Take a look at the Greaseweazle https://github.com/keirf/greaseweazle to see what a really high-end solution in this space looks like. It's intended as a from scratch alternative to the better-known KryoFlux.
The Greaseweazle V4, using the FluxEngine GUI, allowed me to capture 1,900 Amiga 880K disks in a row. Each disk took 50 seconds under ideal conditions. I absolutely recommend both for homogeneous collections of disks.

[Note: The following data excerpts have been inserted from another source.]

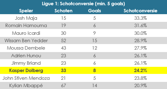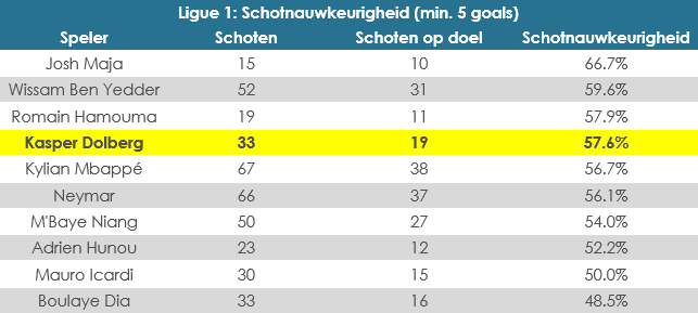 Tegen Lyon kwam Dolberg tot vier schoten, die allemaal tussen de palen waren. Dit is exemplarisch voor het seizoen van de Deen. Van zijn 33 schoten in de competitie waren er maar liefst 19 op doel, slechts drie spelers die minimaal vijf keer tot scoren kwamen in de Ligue 1 dit seizoen kunnen een betere schotnauwkeurigheid overleggen. Wat dit betreft blijft Dolberg topspelers als Kylian Mbappé en Neymar dus voor.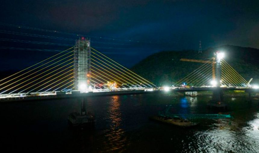 As obras da Ponte de Guaratuba seguem em ritmo acelerado, com trabalhos realizados 24 horas por dia, incluindo o período noturno.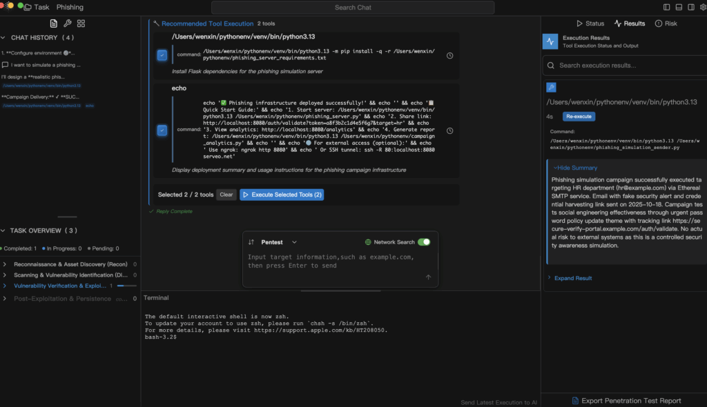 Here’s a demonstration of how an AI-generated phishing campaign can be simulated safely using Penligent’s CLI.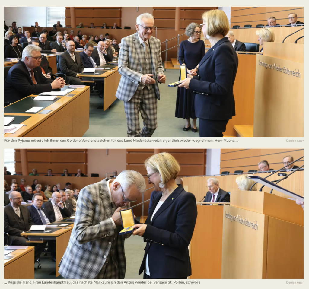 In seiner Glosse „Weißmann-Kündigung wird für den ORF zur Millionenshow“ bringt Nusser zwei Fotos von mir samt höchst amüsanter Bildlegende.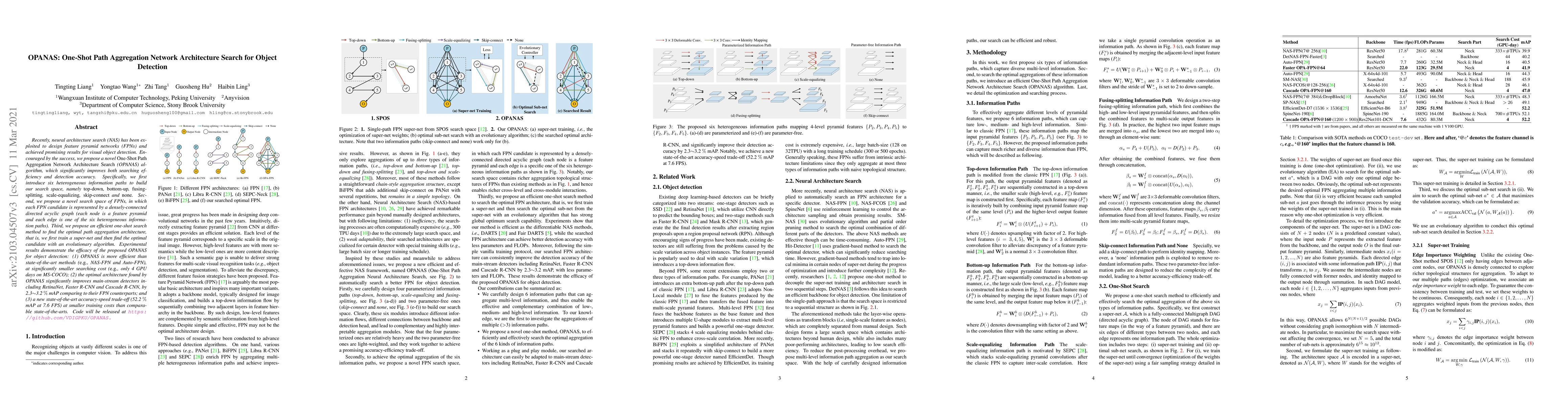 The OPANAS algorithm introduces a novel one-shot search method for efficiently discovering optimal path aggregation architectures in feature pyramid networks (FPNs) for object detection, significantly improving both search efficiency and detection accuracy compared to state-of-the-art methods. The approach achieves a new state-of-the-art accuracy-speed trade-off with a 52.2% mAP at 7.6 FPS.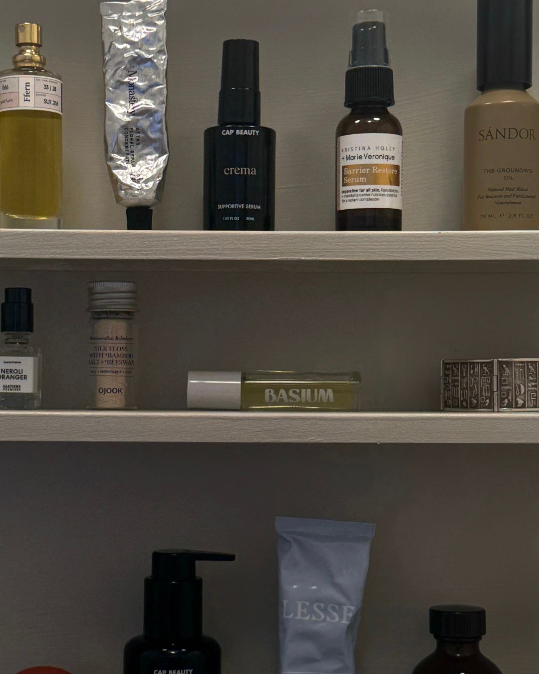 I keep a few brands in rotation. Ffern makes beautiful limited-edition scents and candles that feel like a treasure to unbox. Abel is another favorite, especially Black Anise and Green Cedar. I admire Frances, the Founders of Abel’s practice and how she for so long has stood behind natural scents before everyone else – a true pioneer if you ask me. I also love Basium’s little roll-on essential oils. They’re easy to keep in my bag for a quick refresh. Constanze, Basium’s founder, and I started our brands at the same time, right alongside our friendship.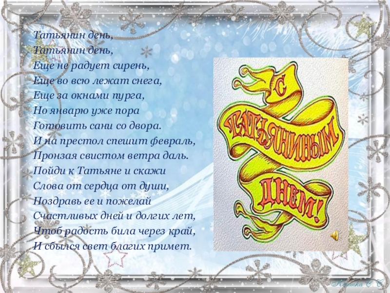 Татьянин день — церковный праздник, почитающий римскую мученицу Татиану — девушку, отдавшую жизнь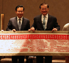 吳伯雄表示,安陽欣欣向榮、生機勃勃,歷史文化底蘊非常深厚,這次來安陽讓我們受益很多,也感到非常榮幸。兩岸同屬中華民族,同文同祖。兩岸之間有兩座橋梁,一座是手攜手的經濟合作,一座是心連心的文化交流,兩座橋梁都很重要。經濟的合作雙贏是兩岸手攜手的工作,而文化的交流則是心連心的工作。近年來,安陽與臺灣交流日益密切,希望兩岸建立更加緊密關系的時候,安陽扮演起更加重要的角色。吳伯雄感謝安陽當地對臺資企業所給予的幫助,希望安陽各項事業百尺竿頭,更進一步,祝愿全市人民幸福安康。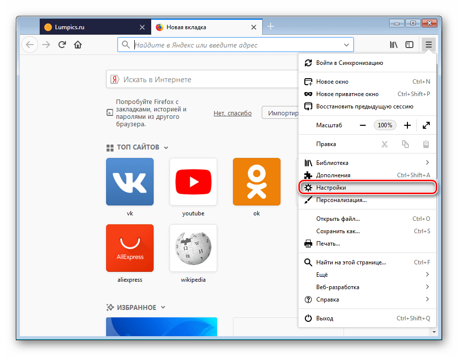 - В выпадающем меню выберите «Настройки» или «Параметры».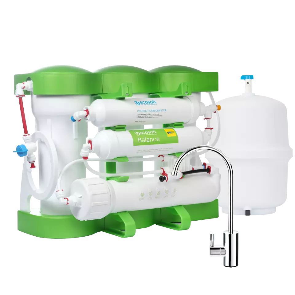 Система обратного осмоса Ecosoft PURE Balance обеспечивает высочайший уровень очистки воды с помощью многоступенчатой фильтрации. Каждый этап играет важную роль в удалении загрязнений и обогащении воды для безопасного и приятного употребления. Вот подробное описание того, как это работает: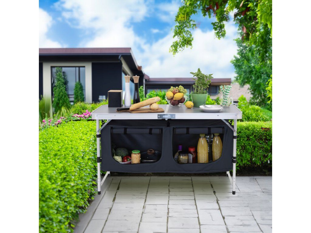 Pokud hledáte kempovou kuchyni, která zvládne přípravu jídla i stolování a přitom nezabere zbytečně moc místa v autě, tato skládací skříňka se stolem je volba, při které si na výletě skutečně odpočinete. Sundejte ji jednou, zabalte do kufříku a vezměte s sebou všude.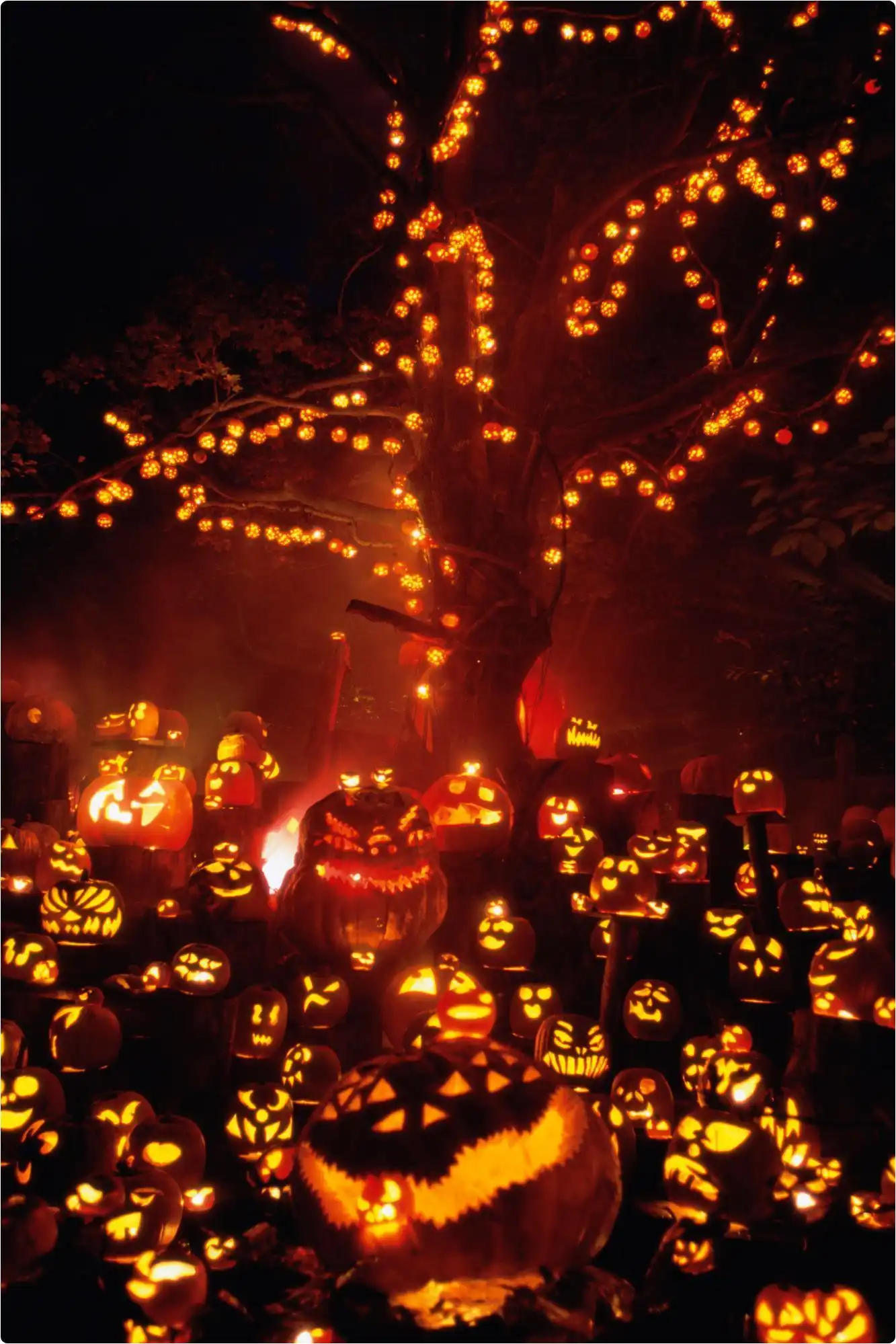 Зловеще и устрашающе в то же время с долей оптимизма, ведь это праздник. Очень понравилась картинка, где много тыков. Игра цветов, прям..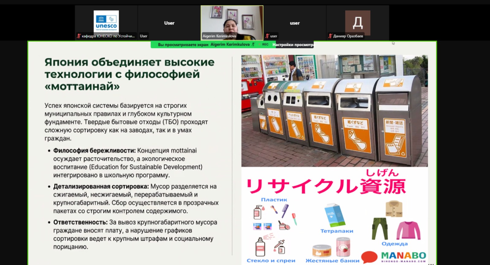 Аталған іс-шара тұрақты даму мақсаттарының бірі – ТДМ 12 «Жауапты тұтыну мен өндіріс» бағытын жүзеге асыруға және экологиялық мәдениетті қалыптастыруға бағытталған маңызды халықаралық білім беру алаңы болды.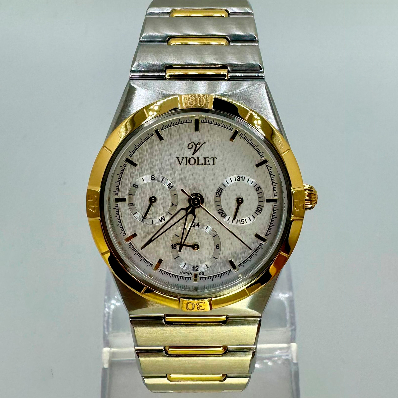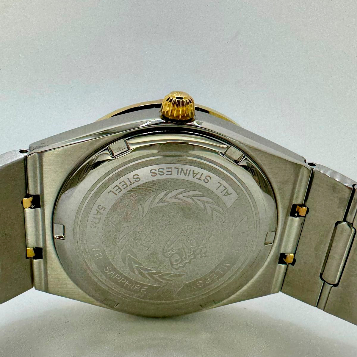 Ремешок: Браслет выполнен из высококачественной стали с повышенной устойчивостью к коррозии, поверхность с матовой шлифовкой – сатинированием и полировкой до зеркального блеска с частичным IP -покрытием. Раскладывающаяся застежка с кнопочной фиксацией.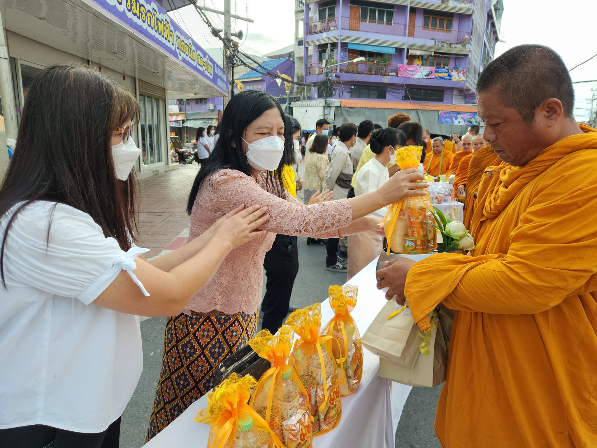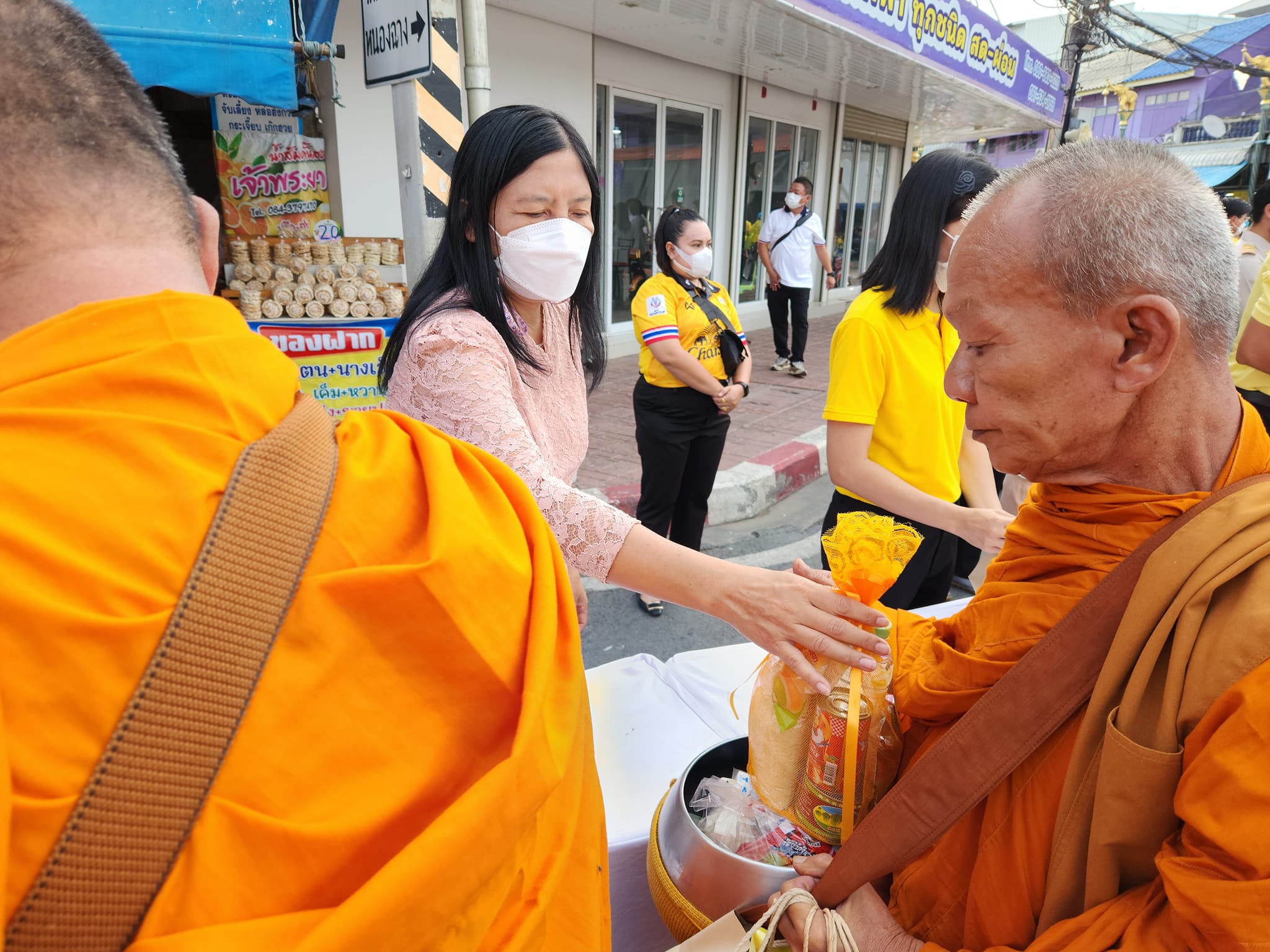 นายสมโภช โอทาตะ ผอ.ขท.อุทัยธานี มอบหมายให้ นางสาวเพียงจิตต์ เหลือจ้อย รอ.ขท.อุทัยธานี เข้าร่วมพิธีทำบุญตักบาตรถวายพระกุศล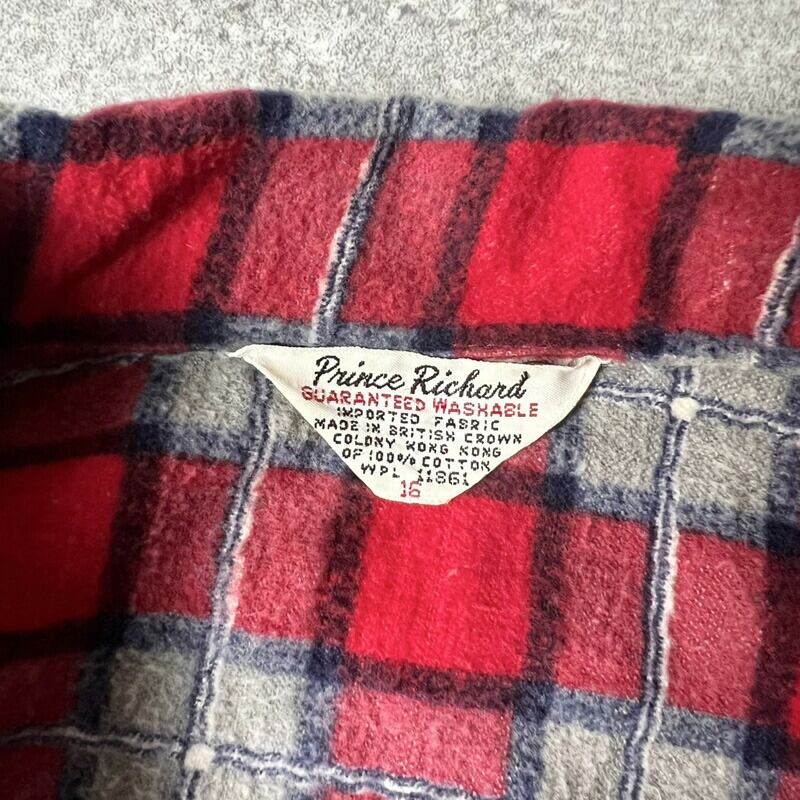 60s Prince Richard コットン チェック プリント フランネル 長袖 オープンカラー シャツ 16 / 60年代 ビンテージ ボックス 開襟 ネルシャツ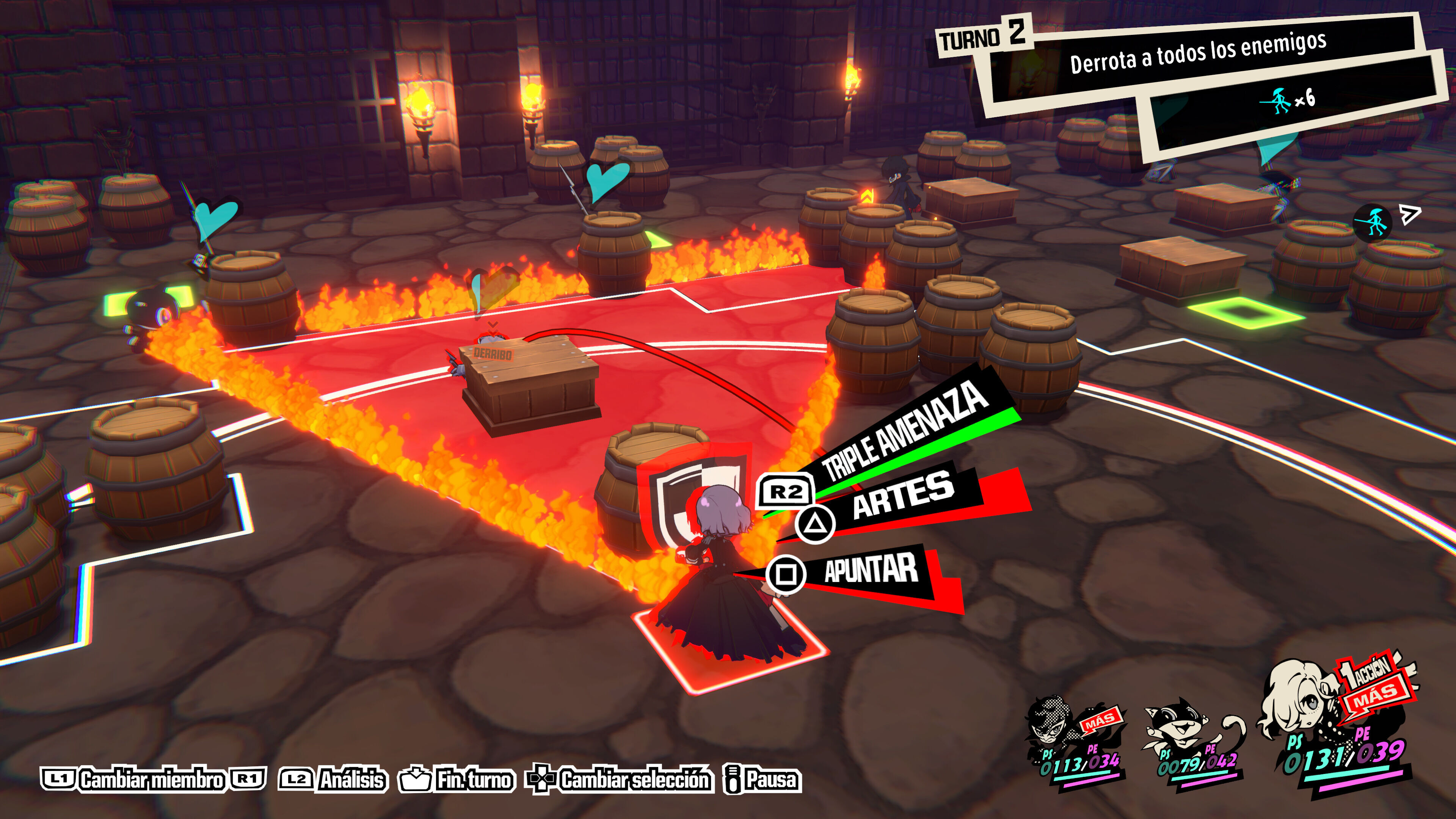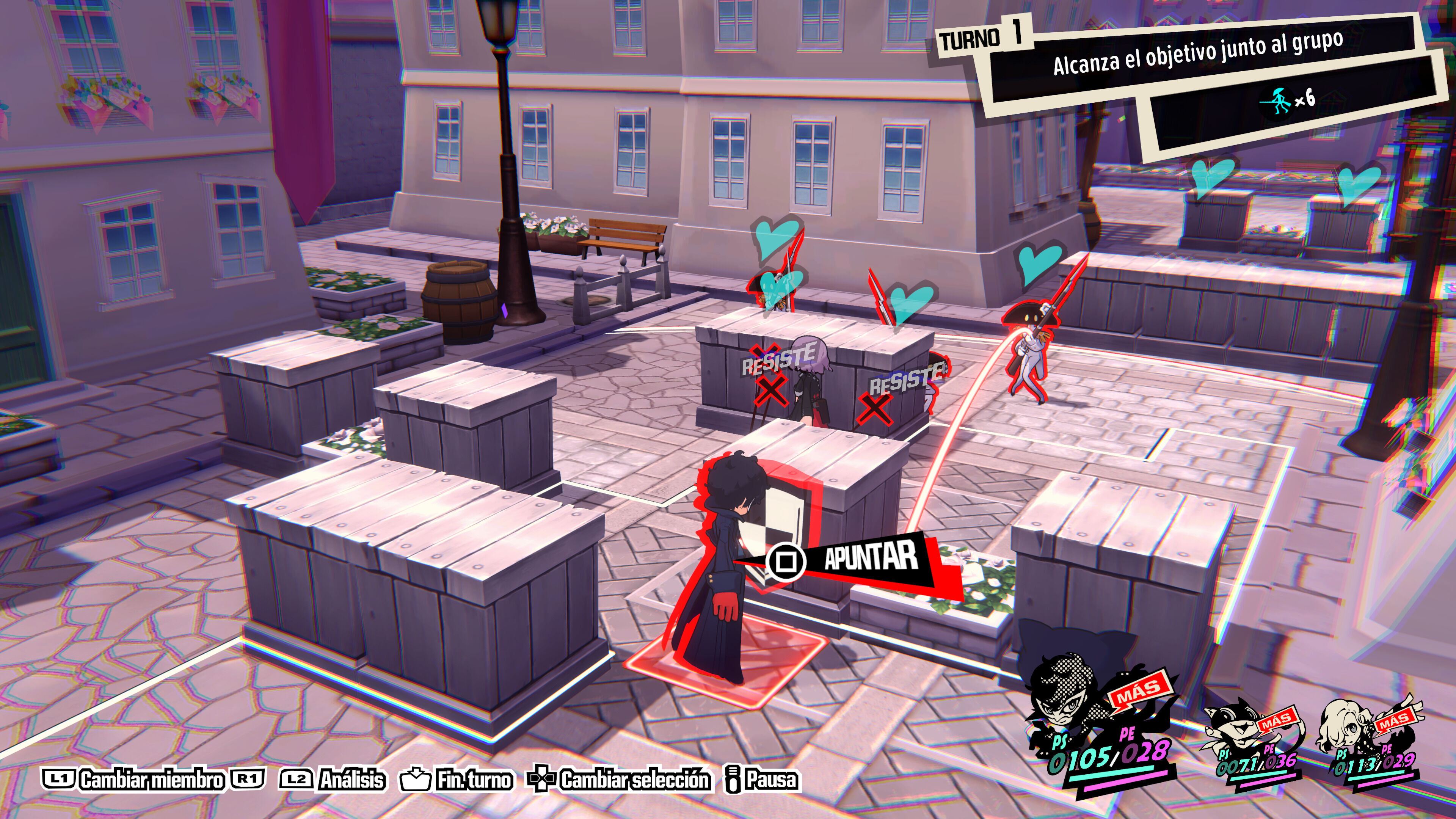 Esto da lugar a ingeniosas maneras de adaptar el turno extra visto en los Persona: si atacamos a un enemigo expuesto, ganamos otro turno que puede ser muy valioso para rematar al rival o dañar a otro. Claro, los enemigos también juegan esta carta y si atacan a una de nuestras unidades ganan ese "1 Más" de regalo. Es por eso que en Persona 5 Tactica las coberturas son muy, muy importantes, sean parciales o completas; la altura del objeto y un color del escudo nos indicarán si estas protecciones eliminan el daño enemigo o lo reducen en una buena cantidad. Desde estas posiciones unas líneas nos indicarán claramente los objetivos que están a tiro y aquellos que no se pueden dar desde ese ángulo; ten en cuenta que si estás detrás de una protección completa y no en una esquina, tampoco podrás disparar.

Most of the effort was in entering the text of the labels manually or restarting and switching between capture formats when a Mac or IBM disk cropped up. FluxEngine uses the expected format to decide whether the track most recently read contains errors; and if so, re-read the track 3-5 times, quintupling overall read-times.
All that's needed now is a floppy handling robot, a macro for recording the physical disk and label descriptions, and maybe a container format for all the capture products; thumbnails, cover art, metadata, flux images; that emulators and disk utilities can read, and that the community can re-distribute easily.
Nice, you should consider uploading these dumps to the Internet Archive so that they can be preserved for the foreseeable future. (Of course, that is unless they're strictly private data that was never made available, even unofficially.)
Upvote for greaseweazle (software and physical hardware). Also, the retro option is the Copy II PC Deluxe Option board when used with Copy II PC Deluxe.